Big dollar developments inside of some of the country’s most iconic national parks have led to a diminished sense of adventure and immersion along their trails.

For brevity’s sake, this article focuses primarily on the Grampians Peaks Trail (which I hiked in December 2022) and the positive and negative ways that public and private investments in the park have impacted users’ experiences on it.

Read more: Grampians Peaks Trail: The Ultimate Guide to This 13 Day Hike in Gariwerd

 

Hike With a View and View With a Pricetag

How much would you pay for this view on the Grampians Peaks Trail?

 

Sunset at Gar Campground

Would you be willing to fork over, say, $533.50? 

No? Too much avocado toast last month? Or you just don’t want to splash out half a grand for one of Australia’s most iconic walks? Well, I suppose that’s too bad. This is mainly because – similar to the Green Gully and the Overland Track – well, you don’t have any other option.

Not only are the high fees associated with walking the GPT borderline extortionary, they’re also mandatory. There’s no other way to experience this trail in its entirety than to pay up. But why are folks having to pay so much?

Granted, there are sections of the GPT open for multi-day, overnight, and day hikes allowing for more financially accessible options. However, if you’re really trying to avoid the fees, the day walks suggested by Parks Victoria cover less than 30km total of the 160km trail.

Read more: Grampians Peaks Trail Booking Changes Will Allow for More Flexible Hiking Options

Where’s all this money going?

Lifestyle creep touches us all. From the most remote shores of Western Australia to the rugged capes of Tasmania, the spectre of development is ever-haunting Australian hiking trails. And what’s worse is that nobody seems to really want it.
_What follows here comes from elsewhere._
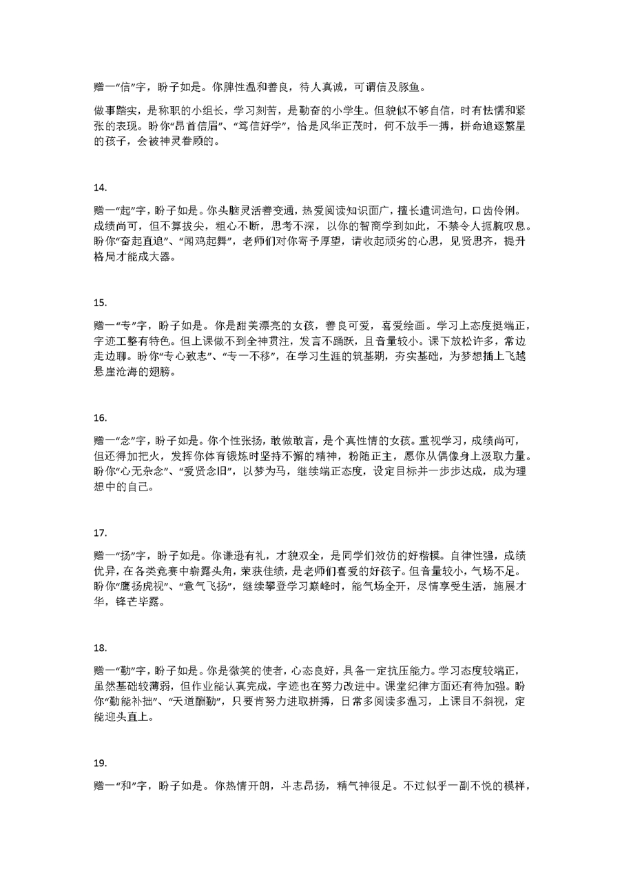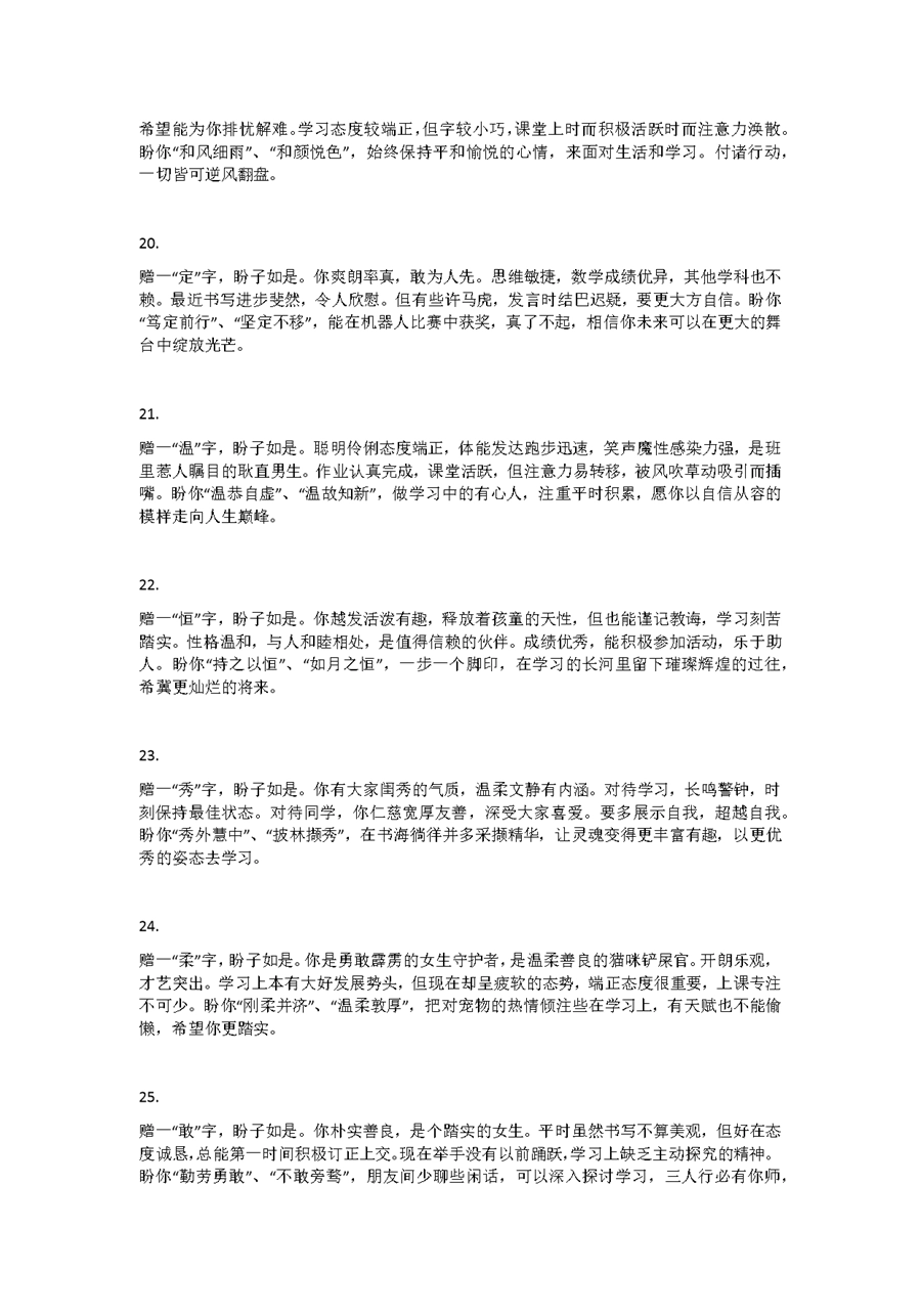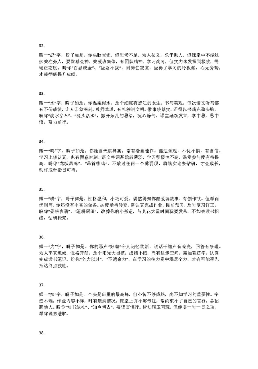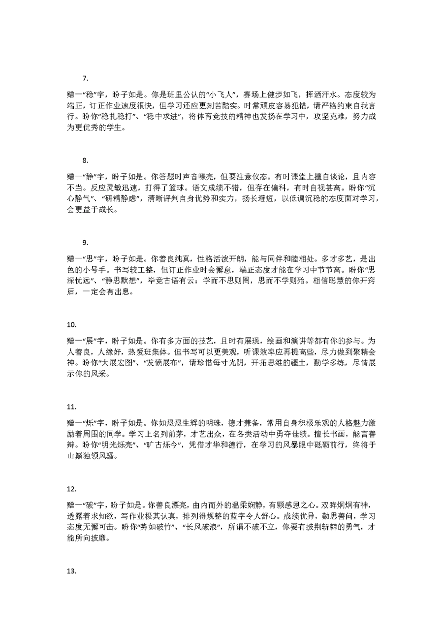 【1026】小学六年级学生期末评语六上评语 赠字系列(网上原版)

According to a National Parks Australia Council poll, 78% of people are opposed to any private developments in parks. And beside that, 85% support increased funding for the already-squeezed national parks.

This is all to say that some basic development is probably necessary. Higher visitation inexorably means higher maintenance costs and increased infrastructure.

In an ideal world of remaining light on the land, this is what increased funding would facilitate. Think: more toilets, larger parking lots, and more camping areas and trails. These are ultimately positive projects that would increase everyone’s access to – and enjoyment of – natural areas.

Visitation to nature and national parks has certainly been on the rise in the last decade. From 2015 to 2019, the number of overnight walks in the Australian bush rose by 4 million from 10 to 14 million.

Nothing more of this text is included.